BRIEF: Keep every word of the listing and reproduce it exactly, but set aside any image found there.
============================================================
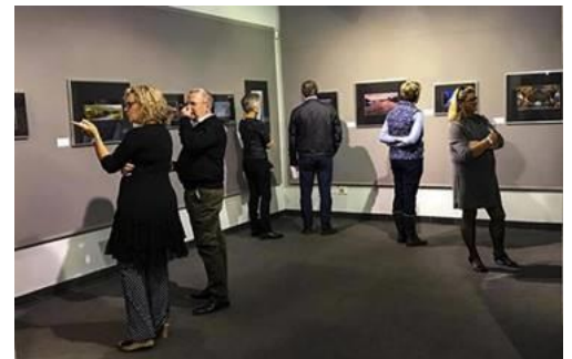
Visitors admiring the members' work on exhibit.
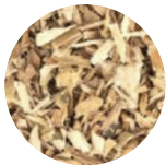
White Willow Bark - 15% Salicin
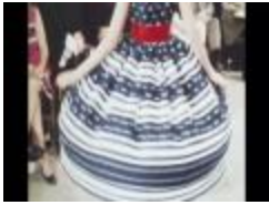
Norman Norell Spring/Summer 1968 Fashion Presentation (Norell_showroomcollection_1968)
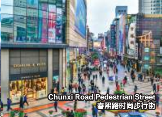
Chunxi Road Pedestrian Street 春熙路时尚步行街
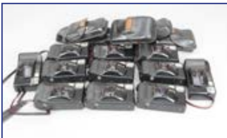
301. Eleven Canon Sure Shot Compact Film Cameras , ten Sure Shot Supreme and a Sure Shot Supreme Quartz Date, seven with cases, some with missing battery covers, a lot £30-50
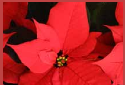
p6 Christmas Tribute Flowers p7
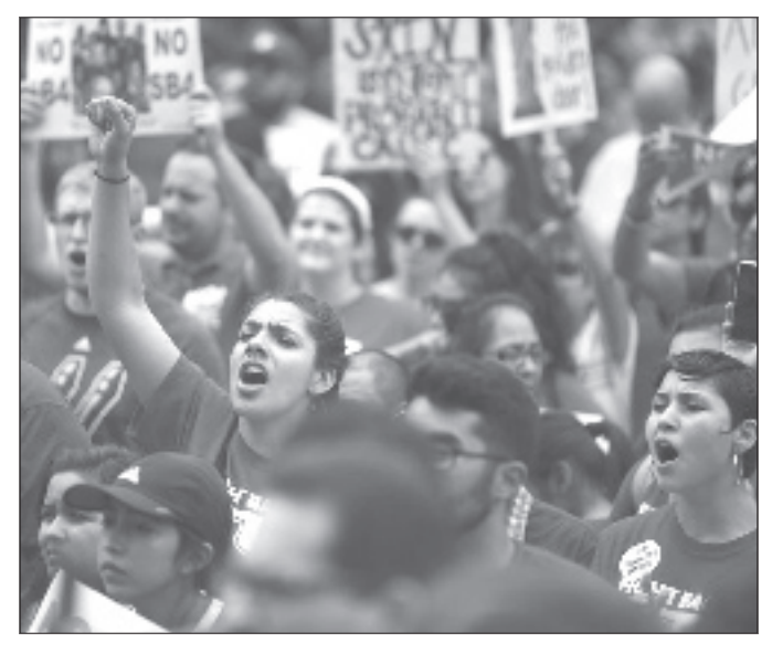
Increased Enforcement and Detention

The Administration and DHS budget documents released include the following provisions:
============================================================
WRITTEN ANSWER:
Visitors admiring the members' work on exhibit.
White Willow Bark - 15% Salicin
Norman Norell Spring/Summer 1968 Fashion Presentation (Norell_showroomcollection_1968)
Chunxi Road Pedestrian Street 春熙路时尚步行街
301. Eleven Canon Sure Shot Compact Film Cameras , ten Sure Shot Supreme and a Sure Shot Supreme Quartz Date, seven with cases, some with missing battery covers, a lot £30-50
p6 Christmas Tribute Flowers p7
Increased Enforcement and Detention

The Administration and DHS budget documents released include the following provisions:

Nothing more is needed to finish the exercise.